Lao Tzu - the honorary name of the greatest Chinese thinker Era Lee (Lee dupe, Lao Danya), the founder of Taoism. He is credited with the authorship of the "Tao Te Ching" (treatise on the ways and virtues) The basic concept of Lao Tzu - the Tao, which is metaphorically likened to water (compliance and invincibility). The effluent from the Tao way of action - inaction (wu wei), compliance, obedience, renunciation of desires and struggles. On the life of Lao Tzu, little is known. Based on information contained in the chapter "Tianxiao" ("Celestial") in the book of Chuang Tzu and the chapter "Life of Laozi" in the "Historical notes," we can say that Lao Tzu was a bit older than Confucius .

Extant essay "Laozi" reflects the ideas of the thinker and the main source for their study. In 1973 Mavandue near Changsha, the grave was opened, referring to the Han time, which found two copies of the works of Lao Tzu, written on the fabric. This instance has given valuable material for the study of the ideas of Lao Tzu. He was born in the kingdom of Chu, in the county of Lee Ku parish in the village Tsyuyzhen. Real Name thinker Li Er Lao Tzu means "teacher Lao." In turn, the Lao - a nickname and it means "elder."

According to legend, his mother wore in the womb 81 years old, and when brought it to light, the newborn was a saddle. He received his surname Lee, as Lee was born under a tree (plum). He had long ears, for which he was given the name Er (ear).

It is known that Lao Tzu was historian, chief curator at the State Archive of the Zhou court. He lived a long time in the capital, many labored trusted him, official and literary texts, a lot of thinking, a lot of talking with visiting people, representatives of different classes and occupations.
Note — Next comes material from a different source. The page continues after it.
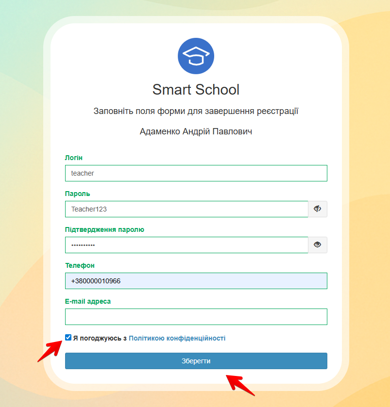 Перейшовши за посиланням вчитель має вказати логін та пароль, поставити галочку “Я погоджуюсь з політикою конфіденційності” та натиснути “Зареєструвати”. Телефон та E-mail вказується за бажанням.

Impressions from a read, seen and heard evolved in their own conclusions about the nature of all things, the universal laws of natural origin, formation and development of the world. He embodied in their treatise, played a huge role in Chinese philosophy. Completion Chunqiu period when he lived Laozi marked change feudal slave system. Laozi rejected with disgust existing before the principle of "management based on the rules of conduct" and complained bitterly: "Rules of Conduct - they undermine the loyalty and trust, mark the beginning of unrest." At the same time it did not satisfy the principle of feudal "management based on the law," and he anxiously exclaimed: "When growing up laws and orders, the number of thieves and robbers." He also protested against the "worship of the wise" and opposed the aggressive wars waged among themselves rulers of separate kingdoms.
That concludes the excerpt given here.